Cuando se fue, tenía la cara y el cuello muy rojos.

No se atrevió a desobedecer a Bradley.

Si continuaba quedándose aquí descaradamente, sólo conseguiría avergonzarse más.

Cuando se fue, Bradley sonrió y dijo alegremente —Continuemos, todos.

Yo me iré primero, ya que no quiero molestarlos para que disfruten.

Volveré y anunciaré algo más tarde.

Mientras hablaba, miró a Gerald, que se había sentado no muy lejos y seguía comiendo.

Luego se marchó.

Audrey también se quedó.

Cuando se fue, la sala de banquetes volvió a estar animada.

Audrey se vio rodeada al instante por unos cuantos jóvenes.

Todos empezaron a hablar de sus propios asuntos.

Por supuesto, ¡también hablarían de Matthew y Gerald!

Parecían haber recuperado el aplomo.

Por supuesto, hubo dos excepciones.

Irene frunció ligeramente el ceño.

Había estado observando desde un lado.

Quería ver a Gerald hacer el ridículo.

De principio a fin, Matthew no dejaba de exponer los defectos de Gerald, pero la expresión de éste siempre había sido muy tranquila.

En el pasado, cada vez que humillaban a Gerald, éste siempre mostraba una mirada hosca o agraviada.

—¡Algo va mal!

—Mirando a Gerald, que estaba sentado no muy lejos, se sintió un poco incómoda.

—¿Qué pasa?

—Adriel miró a Irene y preguntó.

—Nada.

—Irene negó con la cabeza.

Adriel se rio entre dientes y dijo —Ya te he llevado a un lugar de lujo.

Sólo duerme conmigo esta noche.

—Ay —dijo Irene con coquetería—.

Haré unas cuantas fotos más y las colgaré en mi Timeline.

Supongo que mis amigas me envidiarán.

Gracias, cariño.

En cuanto a lo demás, ¡hablamos luego!

La otra que seguía un poco rara era Keira.
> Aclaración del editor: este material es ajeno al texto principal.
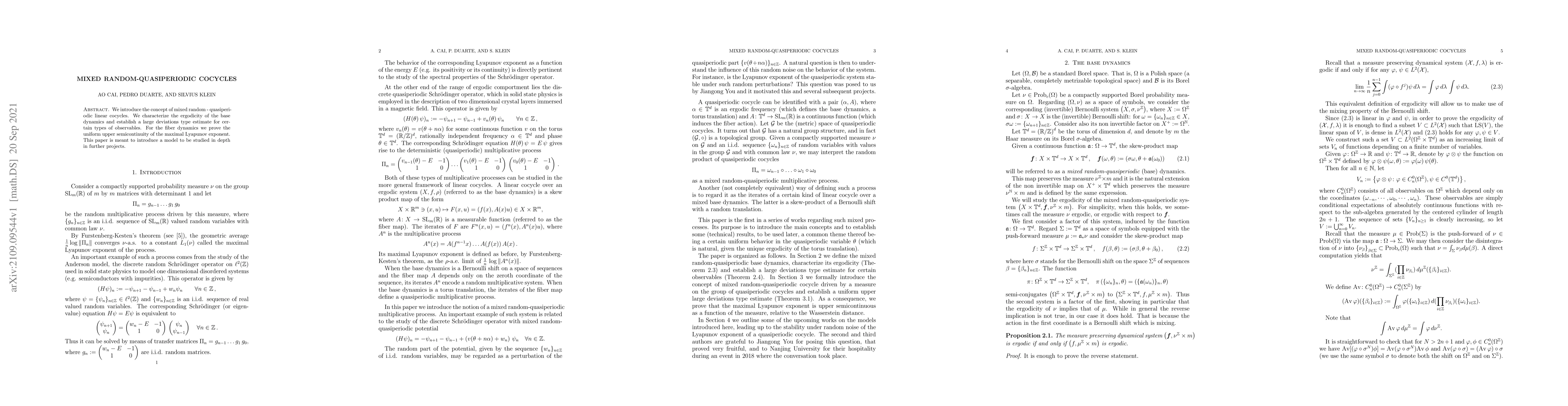 We introduce the concept of mixed random-quasiperiodic linear cocycles. We characterize the ergodicity of the base dynamics and establish a large deviations type estimate for certain types of observables. For the fiber dynamics we prove the uniform upper semicontinuity of the maximal Lyapunov exponent. This paper is meant to introduce a model to be studied in depth in further projects.

Seguía sentada junto a Gerald.

Mirando a Gerald, que comía la tercera ración de comida, Keira sentía cada vez más curiosidad.

—Es realmente misterioso.

—Las comisuras de sus labios se curvaron en una sonrisa.
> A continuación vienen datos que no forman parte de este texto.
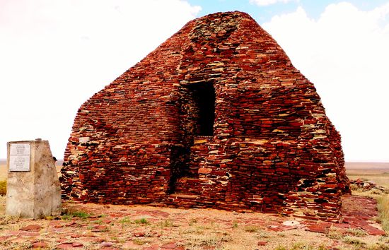 Angekommen am Dombauyl Mausoleum, erblicken wir ein jurtenförmiges Grab, dessen unzählige Steinschichten mit Beton zusammengehalten werden. Mit einer Höhe von sechs Metern trägt das Mausoleum im Herzen der Steppe eines der ältesten Zeugnisse des vorislamischen Lebens in Zentralkasachstan zur Schau. Wann genau dieses - mittlerweile restaurierte - Mausoleum entstand, lässt sich schwer sagen. Einige Archäologen datieren es auf das Hunnenzeitalter (ca. 8. bis 9. Jhd.) und es kursiert die Legende, dass hier der Krieger und Musiker Dombauyl begraben ist, der an Dschingis Khans Hofe beschäftigt war. Dombauyl repräsentiert ein typisches Steingrab (kasachisch: uitasami, dynami), wie es in Zentralkasachstan weitverbreitet ist.

—¿Cuánto durará este banquete?

Es demasiado aburrido.

Estoy lleno —dijo Gerald.

—¡Cuando el Sr.

Herman venga a anunciar algo, debería haber terminado!

—Keira se apoyó en el sofá y sonrió con dulzura— ¡Ay, éste es el banquete más relajante para mí!

Hablando de eso, si hay una cena así la próxima vez, ¡tendré que pedirte ayuda!

Gerald asintió.

—No hay problema.

Hay buena comida y bebida.

Merece la pena.

Mientras hablaban, la puerta de la sala de banquetes volvió a abrirse de un empujón.

Bradley entró en la sala de banquetes y tenía un micrófono en la mano.

—Todos.

—dijo—.

Todos los aquí presentes son genios de la generación más joven de Los Ángeles.

Esta vez, os he reunido a todos.

Además de daros a todos la oportunidad de comunicaros, tengo otro asunto que anunciaros.

Todos le miraron.

Sonrió ligeramente y su mirada se posó en Audrey, que no estaba lejos.

—¡Es la boda de mi hija Audrey!

—¿Qué?

—Todos se quedaron atónitos.

—Mi hija ya tiene 25 años y siempre ha estado soltera.

Como padre, estoy ansioso.

Por lo tanto, hay otra cosa.

Espero que todos persigan a mi hija audazmente si les gusta.

Definitivamente no interferiré…

Yo…

—¡Bradley aún no había terminado de hablar!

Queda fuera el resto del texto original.